Balancing the personal and professional
New UNBC research on rural doctors and their overlapping relationships
By Abigail Popple, Local Journalism Initiative Reporter, RMG
Dr. Andrea Gingerich, an associate professor at UNBC, has documented experiences that health practitioners in the Robson Valley may be familiar with: awkward moments of treating your neighbors, accountant, or coworkers. Gingerich and her team recently published two studies examining how doctors and physiotherapists in rural B.C. navigate these overlapping relationships in the journals Medical Education and Advances in Health Science Education.
Despite the reality that practitioners in small, rural communities often know their patients on a personal or professional level, it’s not a topic that many discuss openly, according to Gingerich. The regulatory colleges that oversee healthcare providers encourage practitioners to maintain strict boundaries with their patients, to make sure their treatment of patients comes from an objective viewpoint.
“The regulations are more suitable for an urban context, where the assumption is that you can have patients who are strangers or refer the patients you do know to someone else,” Gingerich told The Goat. “That’s not the case in rural places.”
The problem gets more complicated for rural healthcare providers with a very specialized practice, Gingerich added. For example, physiotherapists who specialize in pelvic floor treatments might be the only available option for patients within an area spanning hundreds of kilometers.
“The right answer to adhere to the college’s regulations would be to say, ‘No, I won’t treat you,’” Gingerich said. “But if you say no to them, you could be preventing those patients from getting the best care.”
While knowing their patients puts rural healthcare workers in an awkward spot, they have developed strategies to navigate overlapping relationships, Gingerich’s team found in their interviews with practitioners.
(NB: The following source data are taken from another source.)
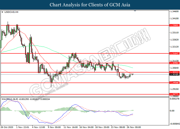 USDCAD, H4: USDCAD was traded higher while currently testing the resistance level at 1.3030. MACD which illustrated increasing bullish momentum suggest the pair to extend its gains after it successfully breakout above the resistance level.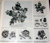 What is unusual about this design (which was subject of a patent application) is the low pressure in the crankcase, which is actually vented to the atmosphere between the lower two cylinders. According to Lee, the mixture is distributed to the cylinders by the design of his master rod assembly that provides a "sweeping" action. Don't see it myself, but you can't argue with success. The design appears to utilize fork type big-ends on the articulated rods. Strange as this all may seem, it works, and an unknown number of engines were sold at $1,195 each. It should be obvious that hand starting such an engine would not be practical as the blower and presumably, the master rod assembly need to be spinning at a fair clip in order to do their job.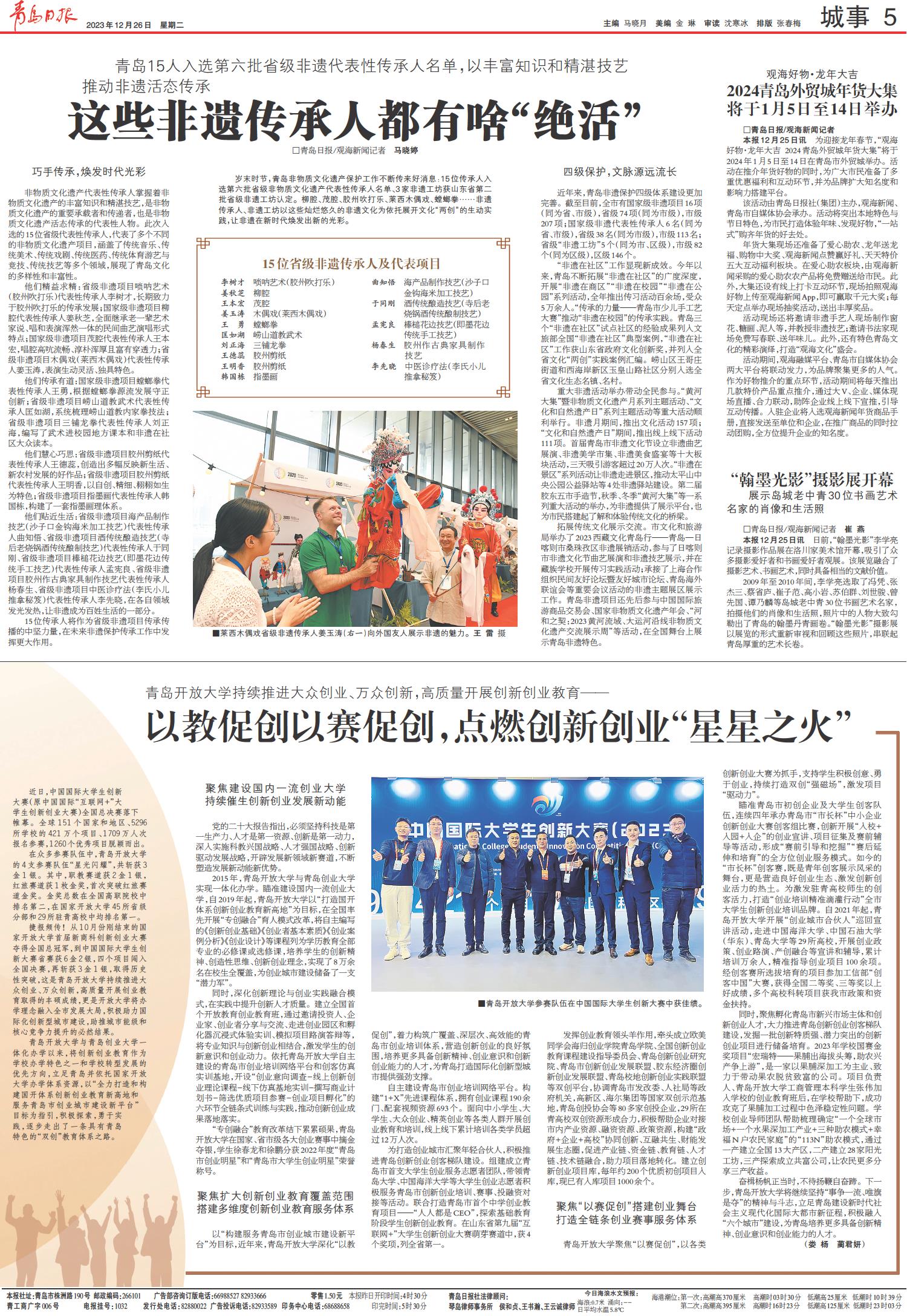 “专创融合”教育改革结下累累硕果,青岛开放大学在国家、省市级各大创业赛事中摘金夺银,学生徐春龙和徐鹏分获2022年度“青岛市创业明星”和“青岛市大学生创业明星”荣誉称号。

The studies document these strategies – such as suggesting patients only discuss their issues while in the clinic, rather than at social gatherings or other public settings – which Gingerich hopes will lay the foundations for further dialogue about overlapping relationships.
“It’s pretty early work – we’re just getting those descriptions (of overlapping relationships) and starting that conversation, reminding people of what the reality is of practicing in rural communities,” Gingerich said.
Gingerich is continuing this research by looking into how students and medical residents are impacted by overlapping relationships, and how school curriculums could better teach future practitioners how to navigate the relationships. She and her team also plan to look at patients’ complaints to regulatory colleges, to determine what makes an overlapping relationship problematic from the patient’s perspective and how that can be avoided.
“Explicitly making that connection between the practice standards on dual (overlapping) relationships and its impact on practitioners is what makes (the studies) unique,” Gingerich said. “At first blush, it seems prudent to avoid overlapping relationships wherever possible, but we’re looking at the consequences of doing that.”
One potential consequence that has yet to be examined fully is how overlapping relationships could contribute to burnout, and lead doctors to leave their rural communities. When doctors feel they can’t nurture personal relationships in case they end up treating their friends, it can prevent them from feeling like they have a place in their community, according to Gingerich.
“Practitioners who feel like they belong in a community tend to stay, and to be able to belong, you need to have friendships and participate fully in social activities,” said Gingerich.